The Springfield Case Study and the Economic Context of Deindustrialization
A significant portion of Goettman’s opening statement was dedicated to the socio-economic transformation of Springfield, Ohio. He described the city of his youth as a thriving manufacturing center supported by thousands of high-wage jobs at iconic American firms. However, he provided stark data to illustrate the town’s decline: a 90 percent loss of manufacturing positions and a nearly 30 percent reduction in total population over several decades. This narrative served as a microcosm for the "hollowing out" of the American middle class, a theme that has become central to contemporary trade debates.
According to data from the Bureau of Labor Statistics and the U.S. Census Bureau, the trends Goettman highlighted in Springfield are reflected across much of the Midwest. Between 2000 and 2010 alone, the United States lost approximately 5.7 million manufacturing jobs. While some economists attribute these losses to automation, Goettman aligned himself with the school of thought—championed by former USTR Robert Lighthizer—that attributes a substantial portion of this decline to trade liberalization with low-wage nations and the failure to enforce trade rules against mercantilist actors.
Goettman’s focus on "reshoring" aligns with recent industrial policy shifts. The objective is not merely to increase trade volume but to ensure that the production of durable goods and critical infrastructure remains within U.S. borders or within trusted allied networks. If confirmed, Goettman would be tasked with using trade enforcement mechanisms to protect these domestic industries from foreign subsidies and dumping.
Professional Chronology and Strategic Mentorship
Goettman’s career trajectory provides insight into the likely execution of his duties at the USTR. His tenure as the Chief Operating Officer of the Export-Import Bank during the first Trump administration was a formative period. During this time, he worked closely with Robert Lighthizer, the chief architect of the 2018-2020 trade actions against China and the negotiation of the United States-Mexico-Canada Agreement (USMCA). This period marked a shift in EXIM’s focus toward the "Program on China and Transformational Exports," a mandate designed to help U.S. exporters compete directly with Chinese state-backed financing.
Following his federal service, Goettman moved to the executive branch of Virginia’s state government, serving as Chief of Staff to Governor Glenn Youngkin. This role required navigating complex legislative environments and managing large-scale organizational structures, skills that are vital for the Deputy USTR role, which requires coordinating with various federal agencies, foreign governments, and the U.S. Congress.
Furthermore, Goettman highlighted his professional relationship with Jamieson Greer, the nominee for United States Trade Representative.
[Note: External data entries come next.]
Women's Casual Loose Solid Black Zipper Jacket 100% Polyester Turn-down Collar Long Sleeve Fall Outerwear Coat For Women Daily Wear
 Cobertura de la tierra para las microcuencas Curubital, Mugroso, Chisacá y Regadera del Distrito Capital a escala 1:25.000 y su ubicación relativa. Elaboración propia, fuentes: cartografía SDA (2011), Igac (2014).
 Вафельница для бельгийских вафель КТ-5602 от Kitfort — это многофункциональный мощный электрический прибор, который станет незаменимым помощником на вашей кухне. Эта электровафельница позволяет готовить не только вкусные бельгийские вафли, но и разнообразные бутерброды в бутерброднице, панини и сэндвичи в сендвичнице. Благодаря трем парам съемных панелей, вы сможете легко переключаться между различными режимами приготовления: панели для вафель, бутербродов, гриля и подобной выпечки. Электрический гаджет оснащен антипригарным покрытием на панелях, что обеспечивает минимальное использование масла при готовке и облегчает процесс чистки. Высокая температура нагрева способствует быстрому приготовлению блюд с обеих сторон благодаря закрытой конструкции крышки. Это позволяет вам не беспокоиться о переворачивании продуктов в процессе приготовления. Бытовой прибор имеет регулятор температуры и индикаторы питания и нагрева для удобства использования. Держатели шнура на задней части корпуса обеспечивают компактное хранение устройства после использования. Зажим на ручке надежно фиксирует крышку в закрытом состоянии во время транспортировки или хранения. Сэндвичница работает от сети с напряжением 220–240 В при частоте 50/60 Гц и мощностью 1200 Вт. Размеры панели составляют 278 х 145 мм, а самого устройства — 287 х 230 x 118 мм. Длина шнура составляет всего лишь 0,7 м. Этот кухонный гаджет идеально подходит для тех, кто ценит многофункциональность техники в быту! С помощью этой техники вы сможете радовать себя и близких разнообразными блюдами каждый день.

Greer, a former protégé of Lighthizer, represents a continuation of the "America First" trade philosophy. Goettman’s testimony suggests a unified front at the USTR, characterized by a skeptical view of multilateral institutions like the WTO and a preference for bilateral negotiations and robust enforcement of existing trade laws.
Addressing the Global Challenge of Chinese Industrial Overcapacity
Central to Goettman’s testimony was the threat posed by China’s "Belt and Road" Initiative (BRI) and its impact on the regions within his prospective portfolio, particularly Africa and the Middle East. He noted that during his time in the private sector and at the EXIM Bank, he observed a significant erosion of U.S. market share in critical infrastructure. China has invested hundreds of billions of dollars in ports, railways, and telecommunications across Africa, often utilizing state-subsidized firms that American companies cannot easily compete with on price alone.
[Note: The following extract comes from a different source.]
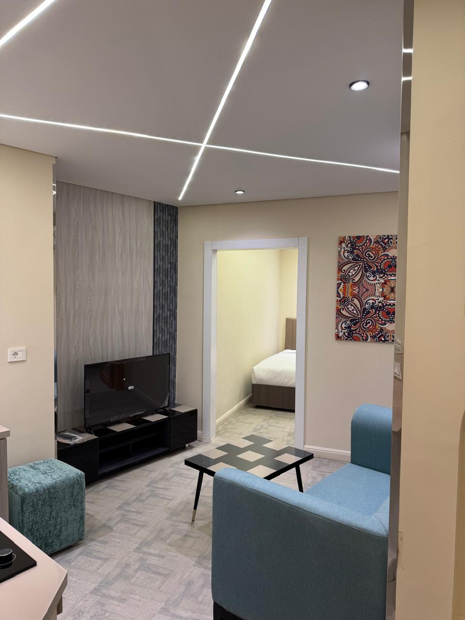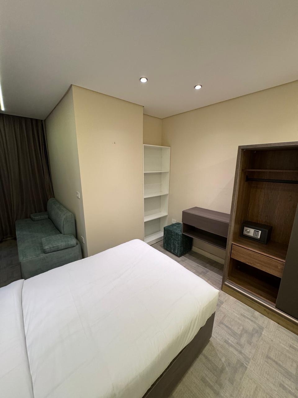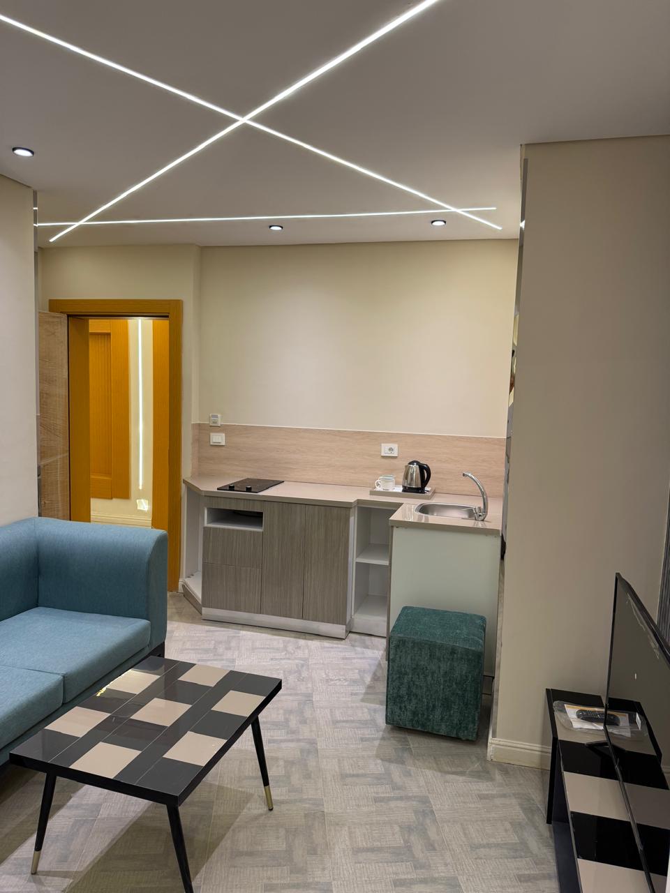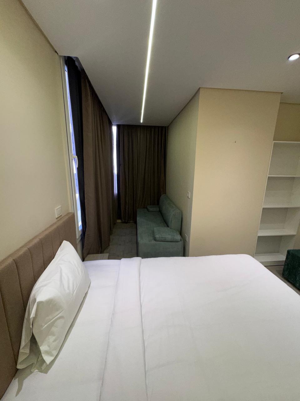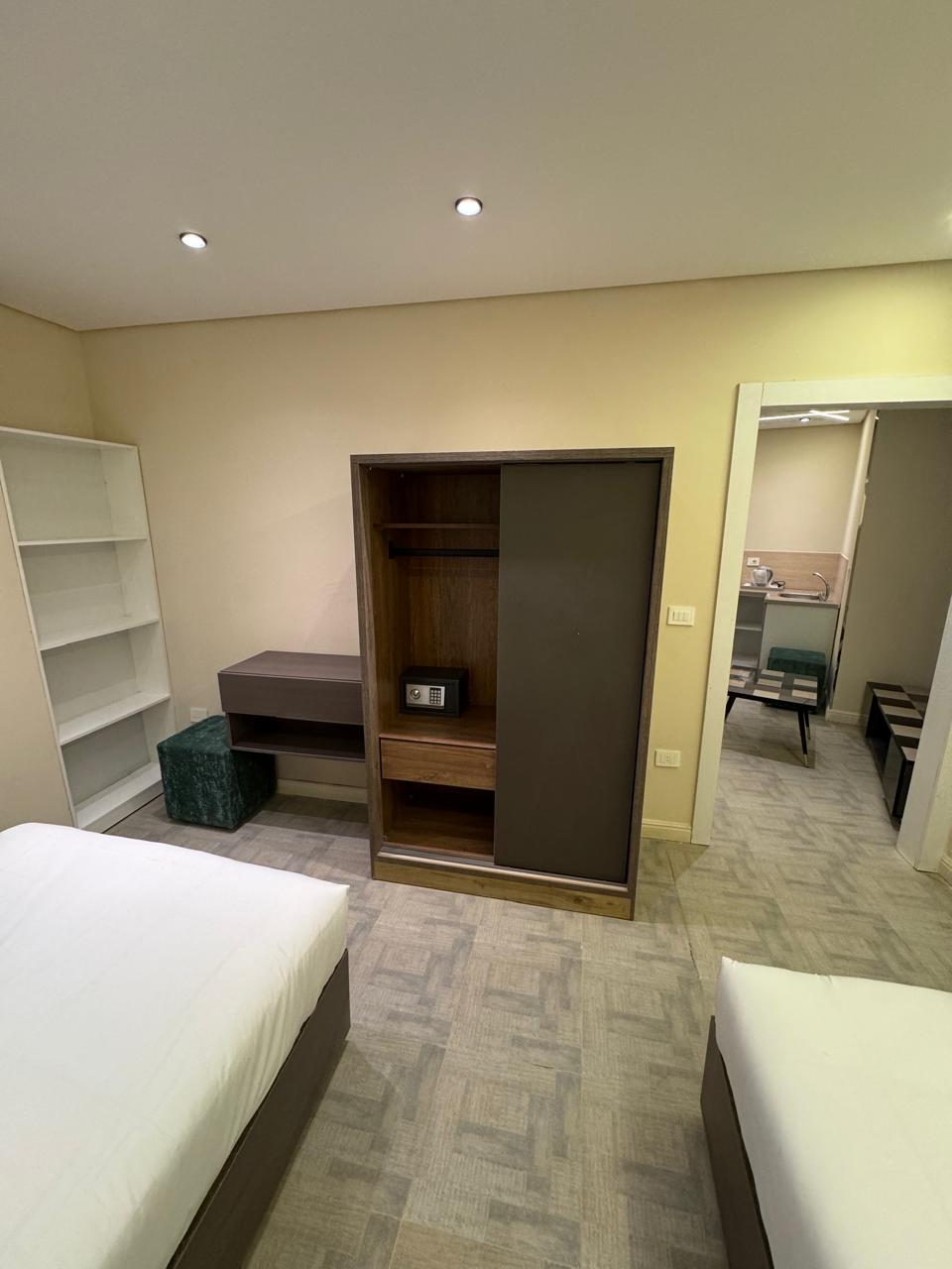 hotel apartment with an area of 52 square meters with Side Seaview in the fifth floor of the Cavalli apartment building All designs are modern and will surely impress you. The apartment has a bathroom and toilet with a shower cabin A small kitchen equipped with all your needs King-size bed (160 cm) or two single beds (120 cm), sofa, coffee table, wardrobe, safe , 43-inch smart TV, minibar, instant water heater, air conditioning
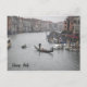 Venezia! Nothing says Venice like the Grand Canal. In this photo, a solitary gondolier steers his craft along a rather misty stretch of the canal, flanked by a small motor boat, and passing moorages. Tall, old buildings in different colours and some disrepair, line the canal. Instead of a porch, they have moorings; doorways face right onto the waterwhich is currently grey, reflecting the sky. In the lower left of the image are the words, "Venice, Italy" in black script. Photo copyright Gail Storrs 2006.

The Deputy USTR nominee argued that China’s industrial overcapacity—whereby the state subsidizes production far beyond domestic demand—leads to the flooding of global markets with cheap goods. This practice, he asserted, is designed to eliminate competition in the Western Hemisphere and beyond. Goettman’s proposed strategy involves a more aggressive use of Section 301 investigations and other trade remedies to level the playing field.
Data from the International Monetary Fund (IMF) suggests that China’s manufacturing surplus is currently at historic highs, contributing to trade tensions not only with the U.S. but also with the European Union and emerging markets in Latin America. Goettman’s role would involve coordinating with these allies to form a collective response to non-market economic practices while simultaneously ensuring that U.S. labor and environmental standards are not undermined by unfair competition.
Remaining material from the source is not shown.